Secretary of State Hillary Clinton was due to unveil the new approach on Monday but there could still be changes, said the U.S. official, who spoke on condition of anonymity.
Some human rights groups, frustrated by the world’s failure to end the humanitarian crisis in Darfur, have expressed disappointment at Washington’s failure to take the tough line on Sudan that Obama supported during his campaign.
The United Nations estimates that as many as 300,000 people have died and more than two million have been driven from their homes in Darfur since 2003, when mostly non-Arab rebels took up arms against the government. Khartoum puts the death toll closer to 10,000.
The planned policy change reflects the beliefs of Scott Gration, whom Obama appointed in March as a special envoy Sudan, the U.S. official said.
Gration has argued that Sudan’s many problems can only be resolved with the cooperation of the government of President Omar Hassan al-Bashir. “His point has been that you are not going to be able to bring peace to Sudan unless you work with Bashir,” the official said.
In March, the International Criminal Court in The Hague issued an arrest warrant for Bashir for war crimes.
The U.S. official said he did not expect direct talks with Bashir, but that “my understanding is that the administration is not planning any immediate lifting of sanctions.”
The intent was to test Khartoum’s willingness to take steps to end the conflict in Darfur and implement a 2005 North-South peace agreement on a specific timeline before there is any move toward dropping sanctions, the official said.
“Getting off the terrorism list is something that could happen if and only if they have taken the right steps,” he said, referring to a U.S. list of state sponsors of terrorism.

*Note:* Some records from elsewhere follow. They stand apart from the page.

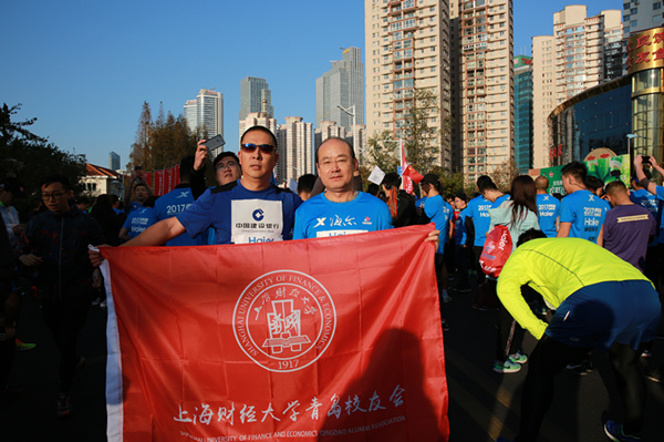 11月5日上午,由中国田径协会、青岛市人民政府共同主办的2017青岛国际马拉松比赛在青岛鸣枪开赛。借由此次比赛,青岛校友会组织举行了“百年上财,永不止步”的马拉松竞速活动,并派出16位校友组成的青岛校友跑团,在比拼意念和耐力的马拉松比赛中奋勇争先,表现上财人的精神风貌,为母校献上百岁生日祝福。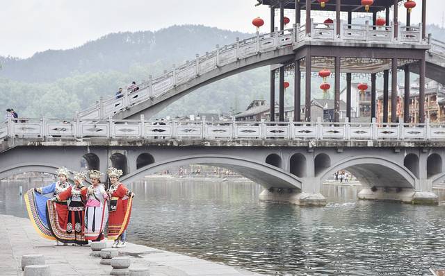 凤凰的风光是极美的,游人如织,盛装带团的苗族导游总是让人忍不住多看几眼。看着那些美丽的苗族姑娘环配叮当地走过,不禁让人一阵恍惚。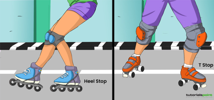 停止是一項重要的技能,可以幫助你保持安全。要停止,你可以使用“腳跟停止”技術。為此,你將體重轉移到溜冰鞋的後部,用腳跟挖地,然後用腳趾推開。隨著你對這項技術的掌握越來越熟練,你可以嘗試不同的風格,例如“腳趾停止”或“T形停止”。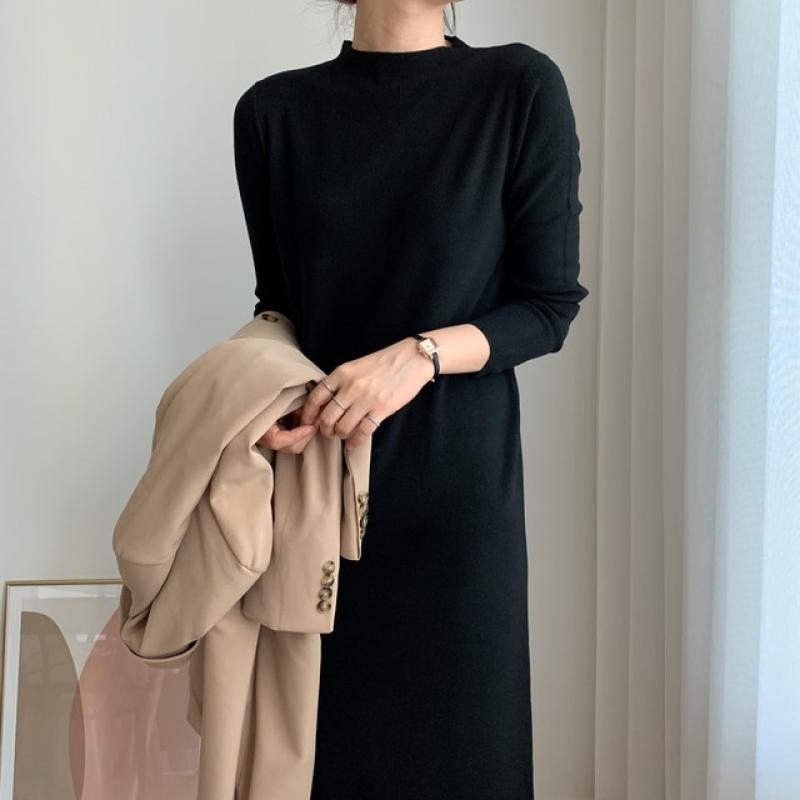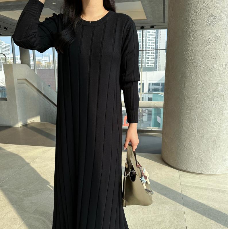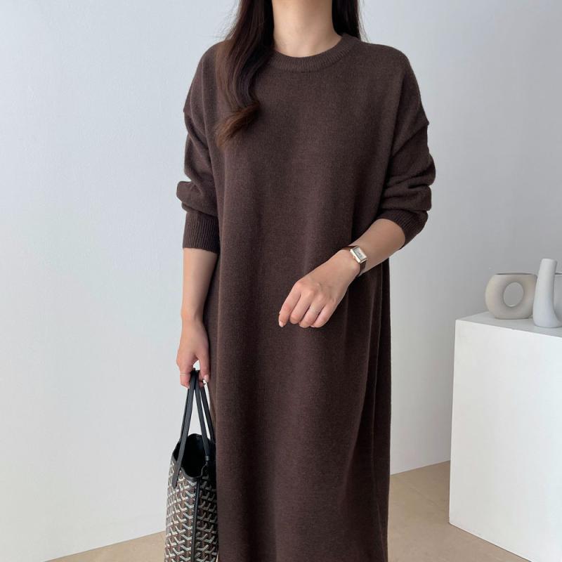 겨울 기본 이너 원피스로 입기 좋은 캐시미어 라운드넥 루즈핏 롱 원피스 4color🩶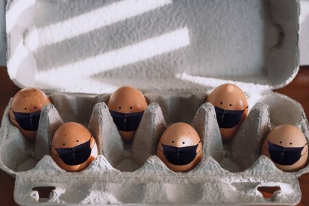 Chicken eggs in medical masks on the face. The concept of the Easter 2021 holiday in relation to the quarantine and self-isolation of the virus.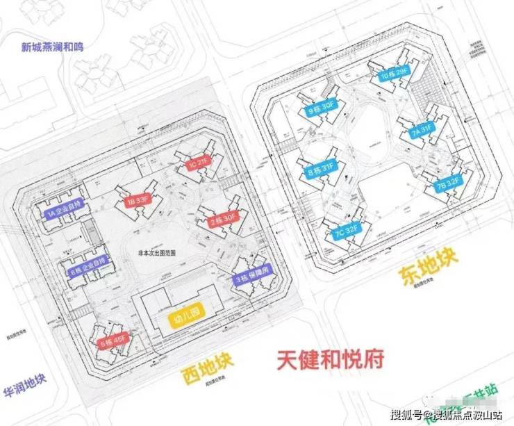 天健和悦府本次首推的是西地块,总占地面积约2.63万㎡,总建筑面积约18.43万㎡,计容建筑面积约13.56万㎡,容积率5,绿化率39.52%,共由7栋总高21-45层的住宅组成,其中1栋A座企业租赁住房33F,1栋B座商品房33F,1栋C座商品房21F,2栋住宅30F,3栋公租房31F,5栋商品房+公租房45F,6栋企业自持租赁住房33F,4栋是1所12班制幼儿园。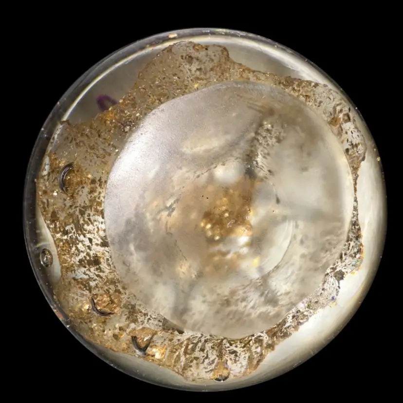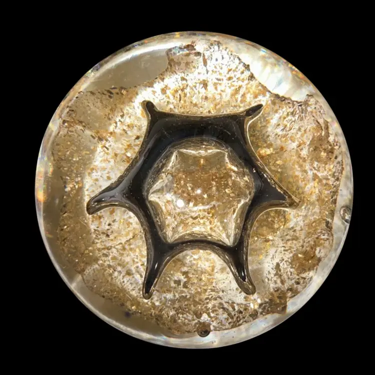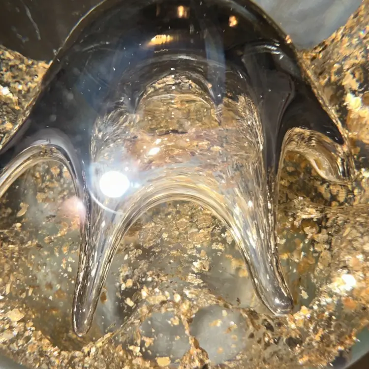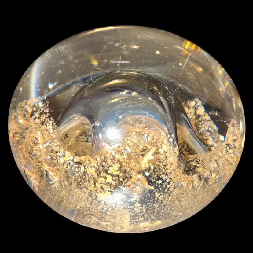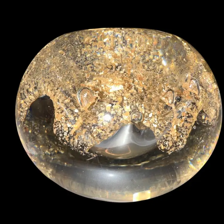 Art Glass Paperweight Clear Gold Flake Glitter Sea Star Bubble 3”T X 4” Diameter Smooth pontil No issues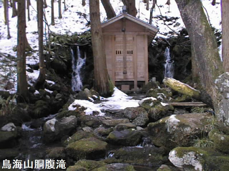 鳥海山の伏流水が山腹から湧き出ている様子が身体の「どうっぱら」という例えで胴腹滝と呼ばれています。2カ所から噴き出しているのですが、右と左の味が違うと言われています。そのため、この水を汲んでいる人の中には右の水を汲む人、左の水を汲む人、半分ずつ混ぜる人など好みで別れます。山深く雪も多いのですが、冬でも凍ることがなく、年中水汲みの人が絶えません。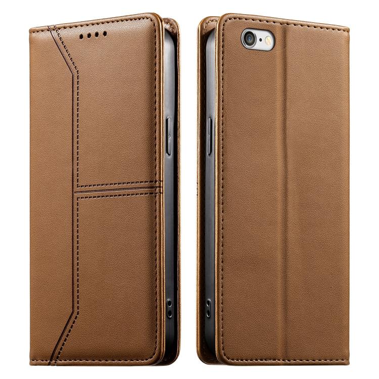 For iPhone SE 2022 / SE 2020 / 7 / 8 Stitched Line Magnetic RFID Vegan Leather Phone Case(Brown)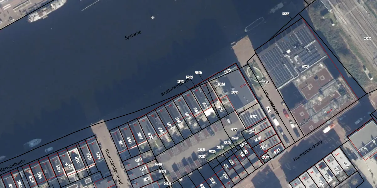 Kelderwindkade 43 is gelegen op kadastraal perceel HLM01E7279. Deze kadastrale aanduiding is uniek en wordt gebruikt door het Kadaster om eigendomsrechten en andere zakelijke rechten vast te leggen. Het perceel maakt onderdeel uit van de kadastrale gemeente Haarlem.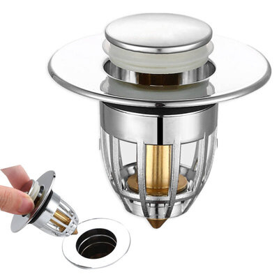 Syfon elastyczny + Korek umywalkowy KLIK-KLAK chromowany bez przelewu z sitkiem

“The issue is not engagement or non-engagement, it is the terms of engagement,” said Jerry Fowler, President of the Save Darfur Coalition. “The burden of proof is on the government of Sudan. There must be concrete and lasting progress before relations can improve.”
During his campaign last year, Obama called the violence in Darfur genocide and a “collective stain on our national and human conscience.” He said he wanted stiffer sanctions on the Khartoum government.
In January, Clinton said the Obama administration was considering the creation of no-fly zones and other sanctions. But in July, Gration told lawmakers in Congress that sanctions against Sudan were counterproductive and that he did not know of any intelligence to justify Sudan remaining on the list of state sponsors of terrorism.